In Schleswig-Holstein, the Greens rejoiced after the election committee determined that they had obtained 74,014 votes out of 1,487,909 votes cast. To the Green’s chagrin however, this meant that they had obtained only 4.97% of the total votes. When votes were counted and proportions calculated, results were unfortunately reported only to one digit after the decimal point. And 4.97%, rounded to one decimal gives 5.0% which led to the Green’s premature joy
Calculators and computers can compute and store numerical values only to a certain number of digits after the decimal point. When the first computer was built in the mid- 1940s, this did not seem a problem. But in the following decades problems were recognized. Above all, there was the tiresome business of the numbers’ magnitudes. In the early days computers allocated a fixed width to each number, let’s say eight positions before the decimal point, and two behind. So when the number 12345678.90 was added to the number 0.0123456789 the calculation in effect became 12345678.90 plus 0.01.
As a response, floating-point arithmetic was developed. It doesn’t care where the decimal point is, and always registers the same number of significant digits. After the values of the digits have been established, the decimal point floats in and lands at the appropriate position.
Floating-point arithmetic was an advance but no panacea since digital computation always requires truncation of numbers. In the mid-1970s anarchy reigned among computer manufacturers. The companies decided on their own where to truncate numbers, how to handle division by zero, what infinity looks like, etc. Different machines used different procedures to truncate or round off numbers, and when a program was transferred from one machine to another, strange things happened. X – X was not always equal to zero, and X – Y sometimes was. 00 produced an “error” on some machines and 1.0 on others, 0/0 occasionally equaled zero, while it produced an “error” at other times, and the sign of zero was sometimes positive, sometimes negative, and sometimes undefined. Blunders and mistakes made machine computation very unreliable. It became increasingly obvious, that standards were needed to make the different practices compatible.

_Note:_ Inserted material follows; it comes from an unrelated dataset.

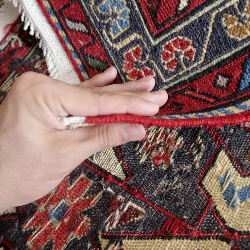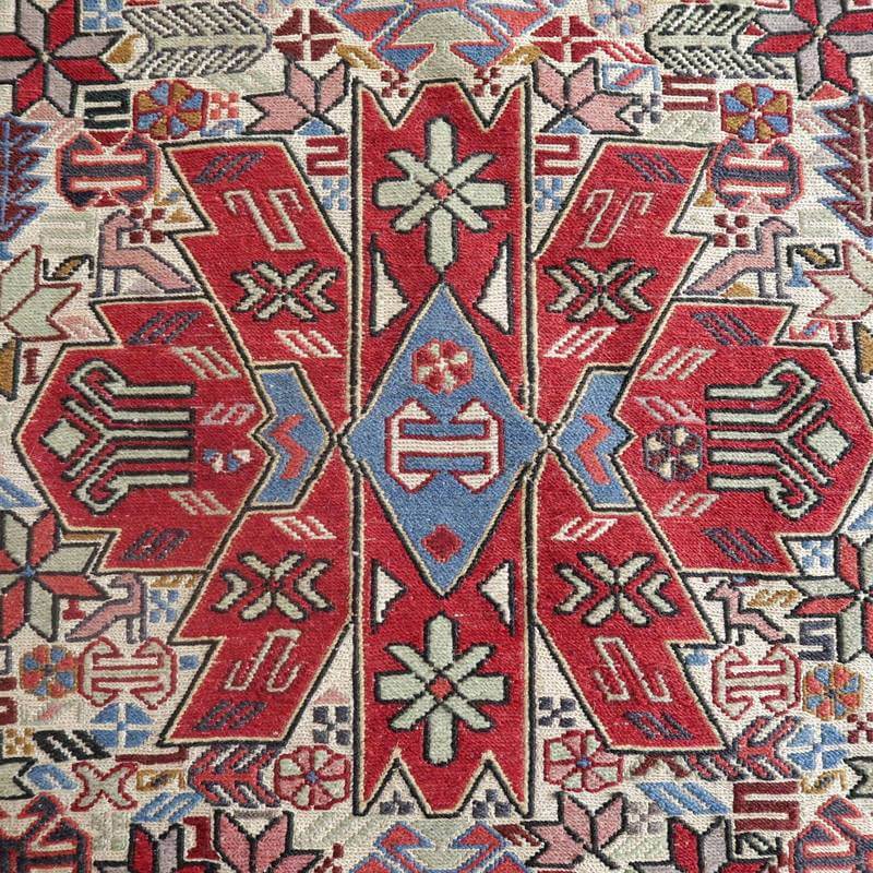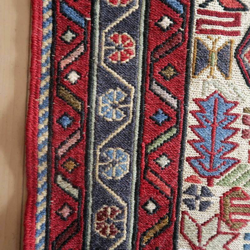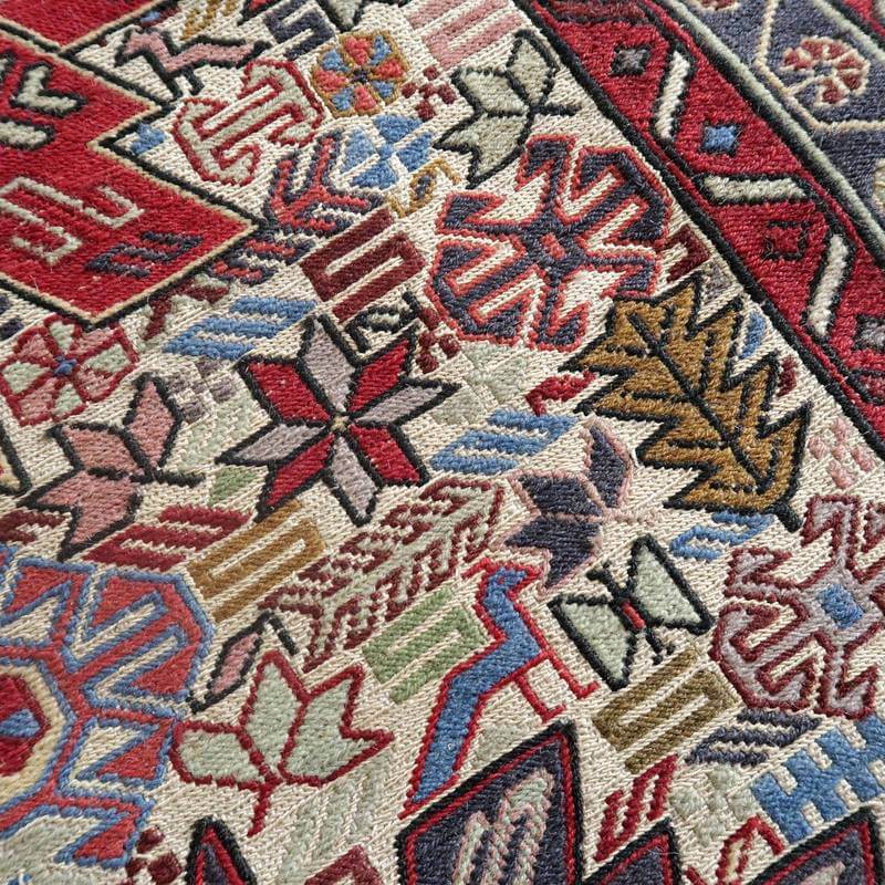 刺繍のように細かな文様が全面に施された美しいスマック織りのキリム。赤を基調に様々な色で文様が入った多色使いですが柄が細かいので落ち着きもあります。一目一目の模様をじっくり眺めて味わえるキリムでたいへん上質感があります。スマック織りは裏面に模様の糸を渡してあるので片面使いのキリムになります。スマック織りとは、イランのキリムの織り方の技法です。生地は刺繍のような仕上がりですが、これは後から刺したものではなく、土台の縦糸と横糸の上にもう一本横糸を絡めるように巻き込んで織っていく高度なテクニックで、生地を二重に織るため通常の平織りのキリムより倍の手間ひまが掛かる分高価になりますが、非常に堅固で丈夫、また普通より細かなデザインを描けるという長所がありますので、価格以上の価値を感じて頂けるキリムです。

It was only when William Kahan, a professor of computer science at UC Berkeley, and colleagues presented the IEEE 754 standard for floating point arithemetic in the mid-1980s that some order was established.
Again, it was an advance but flaws remained. However, the examples I presented above, as well as many more, date from the previous century. In the meantime, safeguards, warning flags, emergency brakes, as well as overrides of emergency brakes, have been built into software. Rounding after one digit (Schleswig-Holstein) or three digits (Vancouver stock exchange) is usually no longer an option. Neither is the truncation of vital data after 16 bits (Ariane 5) or 24 bits (Patriot). In fact, Kahan now argues emphatically for the adoption of ‘quadruple precision arithmetic’, which truncates numerical data only after 128 bits, i.e., after about 33 to 36 significant digits.
What is still out of reach are tools to ascertain that software is error-free not only for all conceivable numerical inputs, but for all numerical inputs, without qualifier. After all, that is what mathematical proofs do.